Work to be completed:
Give back exactly the lines from the one holding "Un aro cautivo" to the last line of the entries, both included, and nothing more.

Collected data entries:

::::

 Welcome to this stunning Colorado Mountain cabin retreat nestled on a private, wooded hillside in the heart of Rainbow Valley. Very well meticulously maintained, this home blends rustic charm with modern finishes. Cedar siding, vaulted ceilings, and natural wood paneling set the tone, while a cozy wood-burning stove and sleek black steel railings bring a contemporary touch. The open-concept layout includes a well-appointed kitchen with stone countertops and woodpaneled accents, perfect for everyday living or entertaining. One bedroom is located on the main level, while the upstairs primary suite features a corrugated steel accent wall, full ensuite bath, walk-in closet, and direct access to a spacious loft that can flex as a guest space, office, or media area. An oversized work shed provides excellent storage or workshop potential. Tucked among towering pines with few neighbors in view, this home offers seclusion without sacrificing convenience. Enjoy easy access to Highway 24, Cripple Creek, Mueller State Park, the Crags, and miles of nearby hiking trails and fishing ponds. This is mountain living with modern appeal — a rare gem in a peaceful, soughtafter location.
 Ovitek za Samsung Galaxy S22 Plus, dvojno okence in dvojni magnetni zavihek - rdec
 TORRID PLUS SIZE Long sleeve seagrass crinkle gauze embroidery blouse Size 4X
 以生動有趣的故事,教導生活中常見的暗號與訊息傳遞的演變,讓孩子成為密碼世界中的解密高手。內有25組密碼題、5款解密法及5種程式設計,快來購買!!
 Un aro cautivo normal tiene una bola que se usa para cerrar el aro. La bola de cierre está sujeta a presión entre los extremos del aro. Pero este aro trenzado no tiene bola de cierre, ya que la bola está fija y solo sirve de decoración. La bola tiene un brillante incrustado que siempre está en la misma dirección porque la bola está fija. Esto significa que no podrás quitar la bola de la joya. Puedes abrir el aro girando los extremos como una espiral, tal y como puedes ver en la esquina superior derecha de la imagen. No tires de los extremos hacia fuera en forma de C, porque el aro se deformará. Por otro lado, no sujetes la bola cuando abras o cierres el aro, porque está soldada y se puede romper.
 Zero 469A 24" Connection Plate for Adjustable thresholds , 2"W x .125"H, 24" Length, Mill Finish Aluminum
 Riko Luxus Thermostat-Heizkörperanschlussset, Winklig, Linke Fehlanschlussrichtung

::::

Solution:
 Un aro cautivo normal tiene una bola que se usa para cerrar el aro. La bola de cierre está sujeta a presión entre los extremos del aro. Pero este aro trenzado no tiene bola de cierre, ya que la bola está fija y solo sirve de decoración. La bola tiene un brillante incrustado que siempre está en la misma dirección porque la bola está fija. Esto significa que no podrás quitar la bola de la joya. Puedes abrir el aro girando los extremos como una espiral, tal y como puedes ver en la esquina superior derecha de la imagen. No tires de los extremos hacia fuera en forma de C, porque el aro se deformará. Por otro lado, no sujetes la bola cuando abras o cierres el aro, porque está soldada y se puede romper.
 Zero 469A 24" Connection Plate for Adjustable thresholds , 2"W x .125"H, 24" Length, Mill Finish Aluminum
 Riko Luxus Thermostat-Heizkörperanschlussset, Winklig, Linke Fehlanschlussrichtung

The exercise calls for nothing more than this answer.